Background: While sleep disturbances and their impact on functioning are well-established in adults with bipolar disorder (BD), little is known about this topic in youth. Objective: This study investigates the prevalence and correlates of sleep disturbance among youth with BD. Methods: The study included 103 youth (72 BD, 31 healthy controls [HC]), ages 14-20 years. Study measures included a semi-structured diagnostic interview and the Pittsburgh Sleep Quality Index (PSQI). PSQI yields a global score and 7 subscale scores. Analyses examined between group differences in PSQI scores, and correlates of PSQI within BD. Results: BD youth had significantly higher (worse) global sleep scores, and higher scores on 5/7 subscales (quality, latency, disturbance, sleep medication use, daytime dysfunction). In univariate analyses, poorer sleep quality was associated with higher lifetime and current depression severity, mixed mood state, self-reported affective lability, and borderline personality traits. Lifetime lithium treatment and euthymic mood state were associated with better sleep scores. In multivariate analyses, greater current depression severity and self-reported affective lability were most robustly associated with poor sleep quality. Conclusions: Converging with data from adults, present findings indicate greater sleep disturbance among youth with BD versus HC. Also convergent with adults with BD, mood disturbance, whether depression severity or emotional lability, comprised the predominant correlates of sleep disturbance among youth with BD. Future research is warranted to better understand the temporal association between sleep disturbance and its correlates in youth with BD. Relatedly, interventions that address both mood and sleep disturbances may help improve overall functioning.
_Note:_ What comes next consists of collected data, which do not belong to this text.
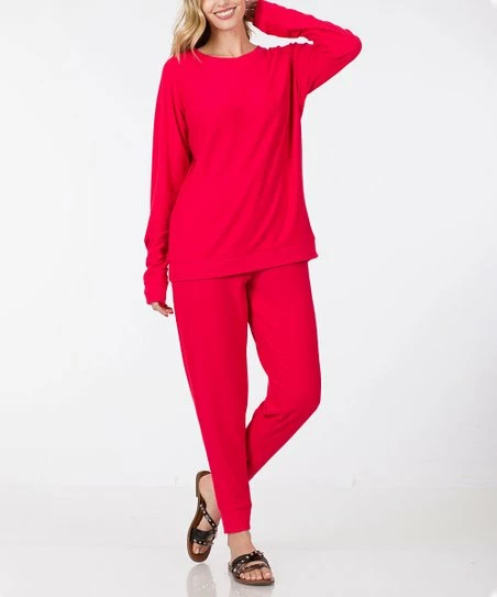 - Includes one ruby long-sleeve top and one pair of ruby joggers (two pieces total)
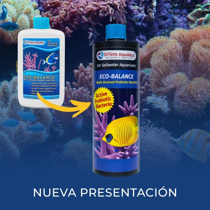 Eco-Balance es una solución probiótica compuesta por múltiples cepas de bacterias 100% naturales, diseñada para promover y mantener la salud integral del ecosistema en el acuario. Su formulación está orientada a restablecer el equilibrio biológico que se pierde de manera natural con el tiempo, optimizando la calidad del agua y fortaleciendo el entorno contra agentes adversos.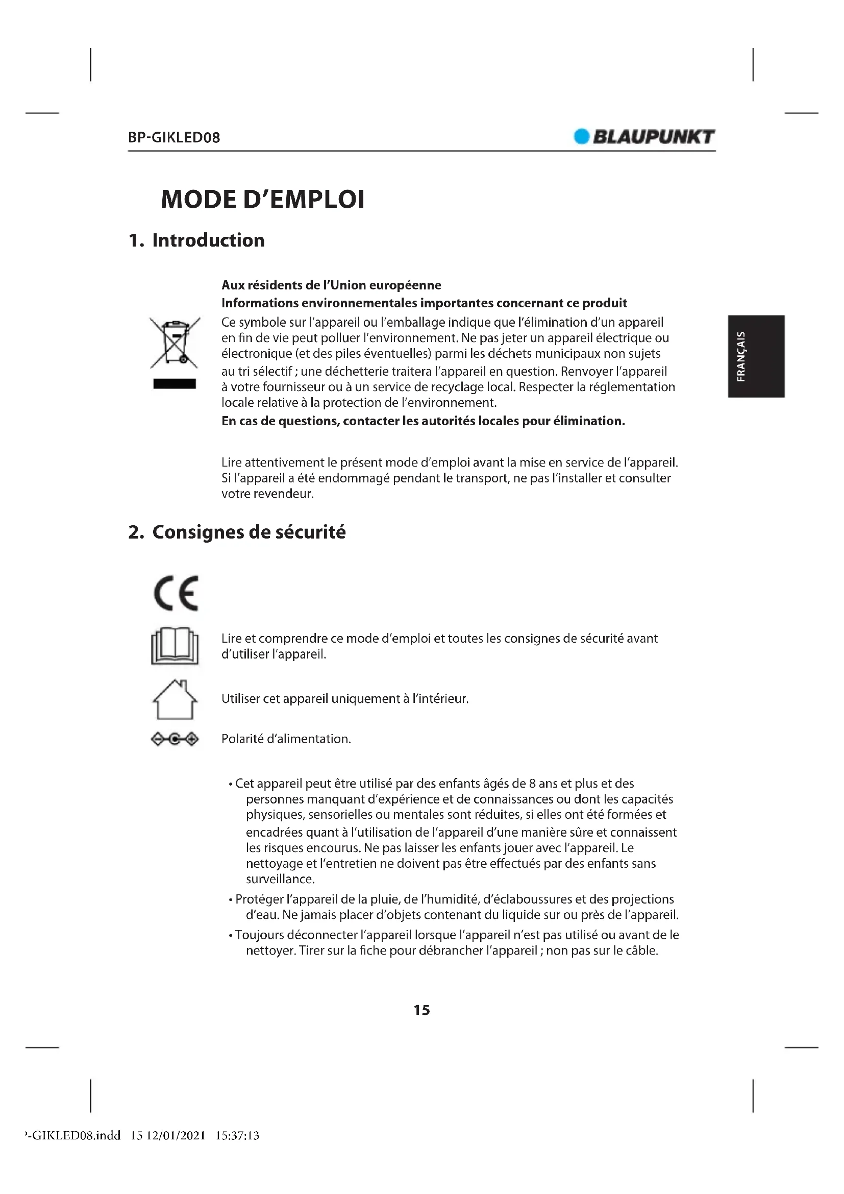 MODE D'EMPLOI BPGIKLED08 BLAUPUNKT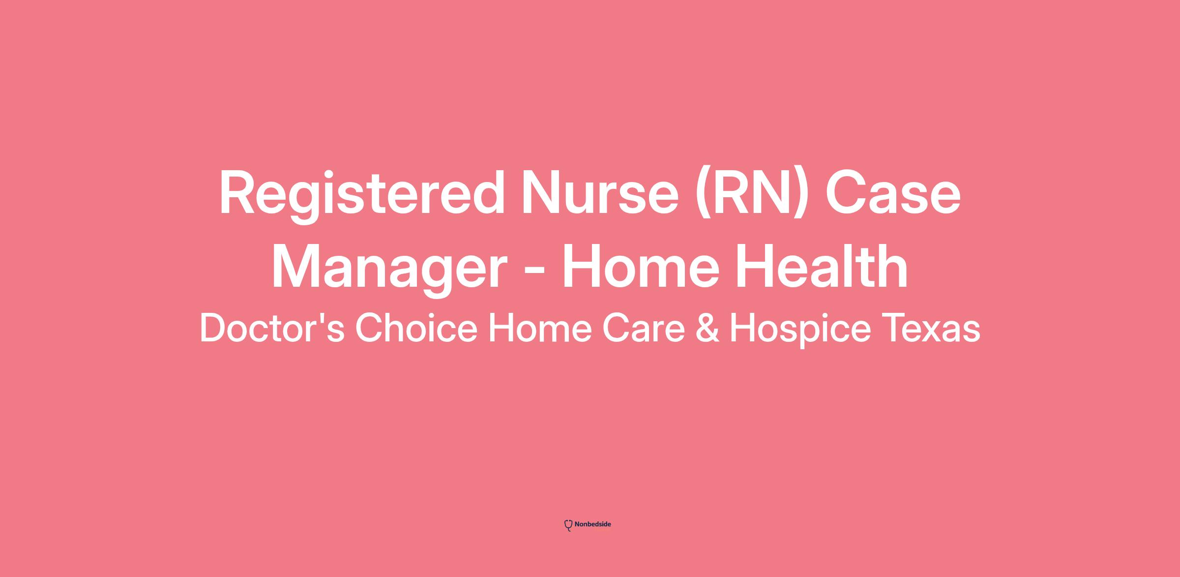 Registered Nurse (RN) Case Manager - Home Health Join to apply for the Registered Nurse (RN) Case Manager - Home Health role at Doctor's Choice Home Care & Hospice Texas

Contexte: Bien que les perturbations du sommeil et leur effet sur le fonctionnement soient bien établies chez les adultes souffrant du trouble bipolaire (TB). Nous en savons peu à ce sujet chez les jeunes. Objectif: La présente étude investigue la prévalence et les corrélats de la perturbation du sommeil chez les jeunes souffrant du TB. Méthodes: L'étude comprenait 103 jeunes (72 TB, 31 témoins en santé [TS]), âgés de 14 à 20 ans. Les mesures de l'étude étaient notamment une entrevue diagnostique semi-structurée et l'Index de Qualité du Sommeil de Pittsburgh (IQSP). L'IQSP donne un score global et 7 scores de sous-échelles. Les analyses ont examiné entre les différences de groupes dans les scores IQSP, et les corrélats d'IQSP dans le TB. Résultats: Les jeunes souffrant de TB avaient des scores de sommeil globaux significativement plus élevés (pires), et des scores plus élevés à 5/7 sous-échelles (qualité, latence, perturbation, utilisation de médicament pour dormir, dysfonction diurne). Dans les analyses univariées, la mauvaise qualité du sommeil était associée à la gravité de la dépression de durée de vie et actuelle, à l'état de l'humeur mixte, à la labilité affective auto-déclarée, et aux traits de la personnalité limite. Le traitement au lithium de durée de vie et l'état de l'humeur euthymique étaient associés avec de meilleurs scores de sommeil. Dans les analyses multivariées, une plus grande gravité de la dépression actuelle et de la labilité affective auto-déclarée étaient très robustement associées à une mauvaise qualité du sommeil. Conclusions: Convergeant avec les données des adultes, les résultats actuels indiquent une plus grande perturbation du sommeil chez les jeunes souffrant du TB contre les TS. Convergeant également avec les adultes souffrant de TB, la perturbation de l'humeur, que ce soit par la gravité de la dépression ou la labilité émotionnelle, comprenait les corrélats prédominants de la perturbation du sommeil chez les jeunes souffrant de TB. La future recherche est justifiée pour mieux comprendre l'association temporelle entre la perturbation du sommeil et ses corrélats chez les jeunes souffrant du TB. Étant liées, les interventions qui abordent l'humeur et les perturbations du sommeil peuvent aider à améliorer le fonctionnement général.